FBCS wary of ‘Tebow Bill’Published 8:25pm Tuesday, January 29, 2013
A bill that would allow homeschooled students to play sports in the public schools got past the House Education Committee on a 13-8 vote and is expected to come up for a vote before the full Virginia House of Delegates later this week.
As their school seeks to fill out its spring sports rosters with homeschooled students, officials at First Baptist Christian School find themselves in the unique position of worrying about future competition with area public schools.
If the legislation gets through the General Assembly and then finds favor with the governor, Suffolk athletes who once could only play high school-level sports for First Baptist would now have a choice.
Former First Baptist Christian baseball standout and L.A. Dodgers draftee Josh Henderson testified again this week in favor of the legislation.
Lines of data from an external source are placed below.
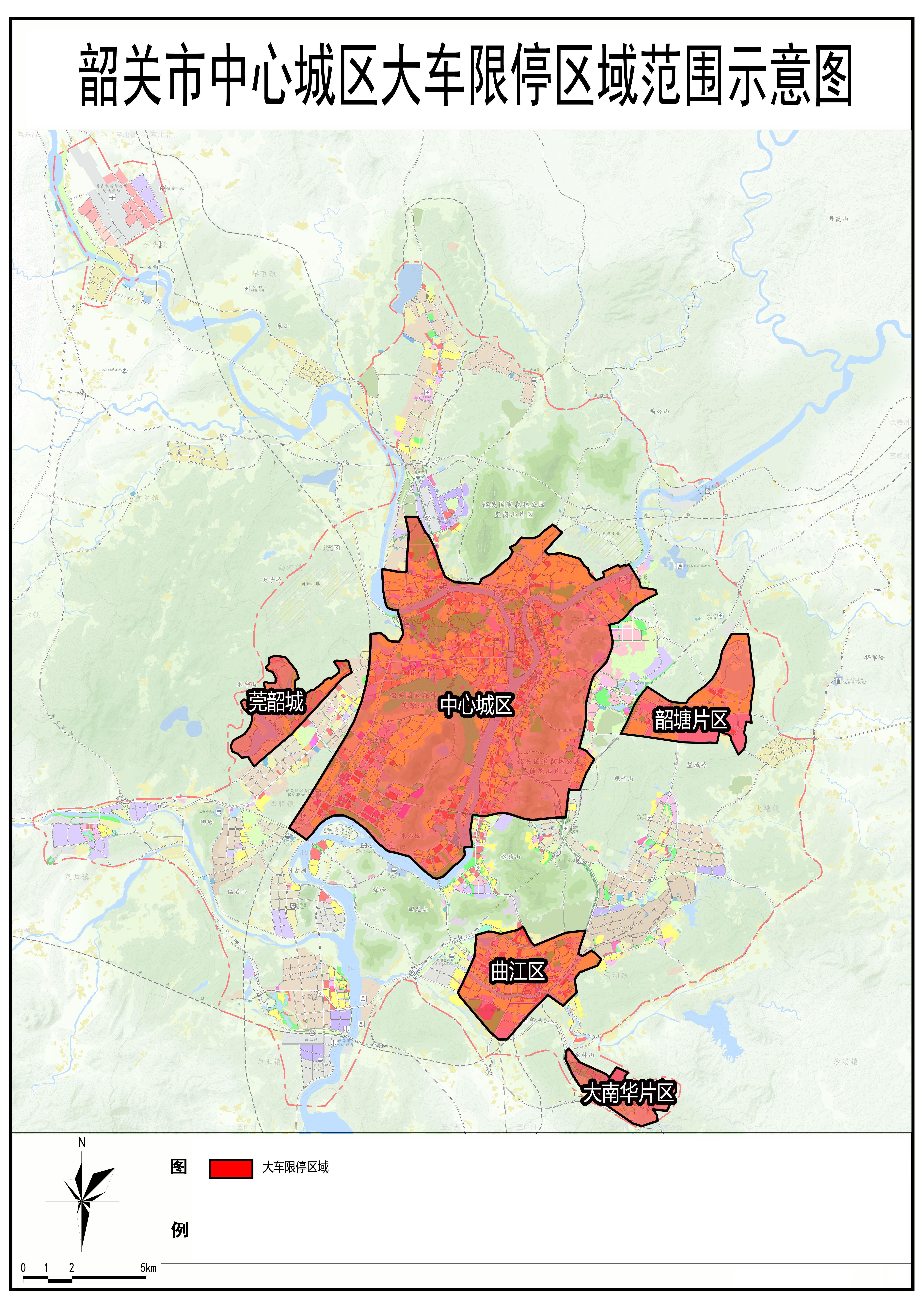 1.根据《韶关市中心城区大车限停区域范围示意图》(详见附件1),红线范围内合法的大车停车场要逐步迁移,新建的大车停车场不可在限停区域范围内设置。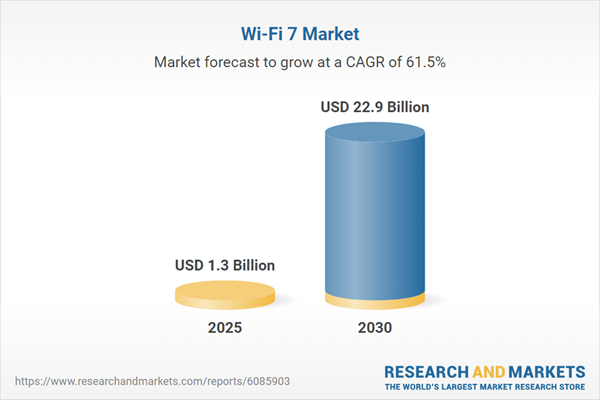The Wi-Fi 7 Market was valued at USD 1.3 Billion in 2025, and is projected to reach USD 22.9 Billion by 2030, rising at a CAGR of 61.5%.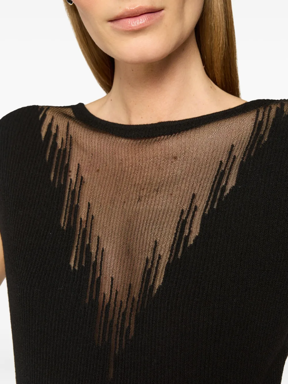 Топ в рубчик с прозрачной вставкой Genny, черный
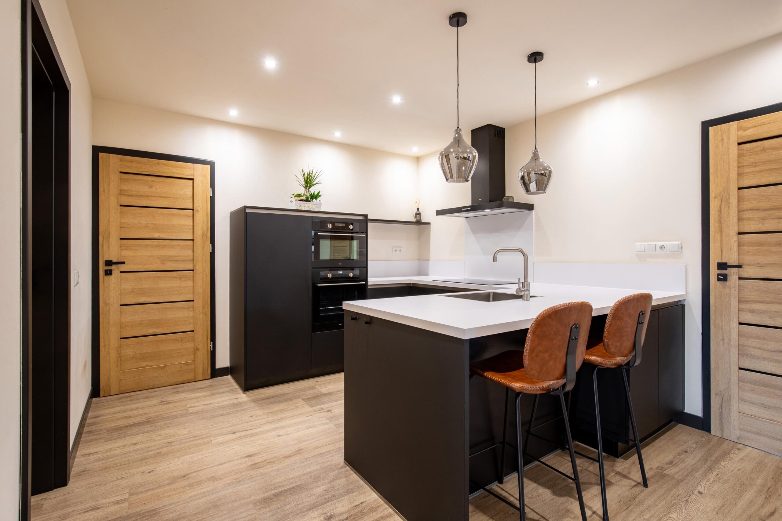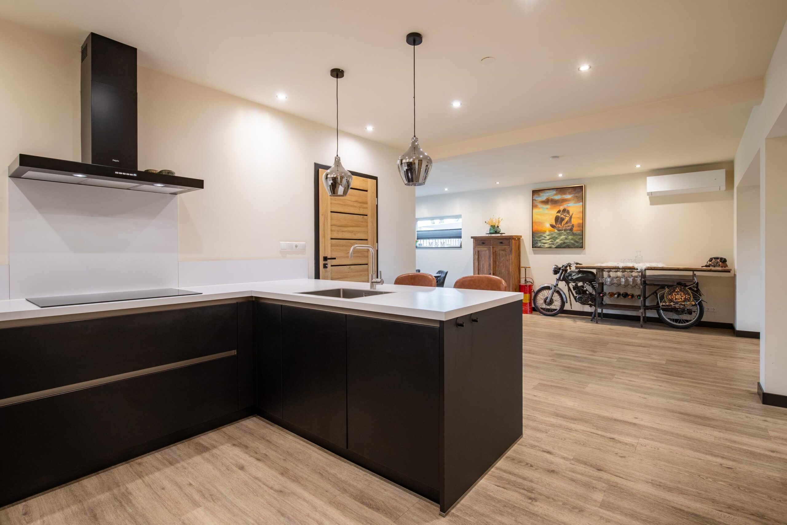 De ruimte in de woonkamer en keuken is erg verrassend, waarbij de woonkamer is aangebouwd en de keuken het centrale hart van de woning vormt. Aan de voorzijde is de woonkamer momenteel ingericht als royale eetkamer en aan de achterzijde van de woning is een zithoek gecreëerd waardoor je middels openslaande tuindeuren volledig contact heb met de achtertuin. Centraal in de ruimte hangt een airco die ideaal te gebruiken is voor verkoeling en verwarming. De in 2022 geplaatste moderne keuken is voorzien van een U-opstelling met schiereiland en zitbar en de navolgende installaties: inductiekookplaat, afzuigkap, koelkast, combi-magnetron, oven, vaatwasser, spoelbak en diverse opbergkastjes en lades. De keuken is helemaal in moderne stijl afgewerkt met zwarte kastjes en een smaakvol wit aanrechtblad. De totale oppervlakte van de woonkamer en keuken bedraagt maar liefst 63 m2. Er is een aparte bijkeuken (circa 5 m2) waar plek is voor een extra koelkast of diepvries en met aansluitpunten voor het witgoed.

The bill has been nicknamed the “Tebow Bill” after NFL quarterback Tim Tebow, who was homeschooled but was allowed to play football for a Florida public school. The bill has been passed in 29 states and made it through the House last year in Virginia, but was stopped in the Senate.
First Baptist Christian athletic director Steven Milner has been tracking the bill’s progress.
“I think it’s a great thing for homeschoolers, in general,” he said. “For us, our pool of homeschoolers, it could dwindle some.”
Henderson was a key player for the Crusaders, but if the bill had already been passed, he likely would have pursued the public school route to face the high level of competition there. His talented younger brother, freshman Chris Henderson, has also played for FBC in the past.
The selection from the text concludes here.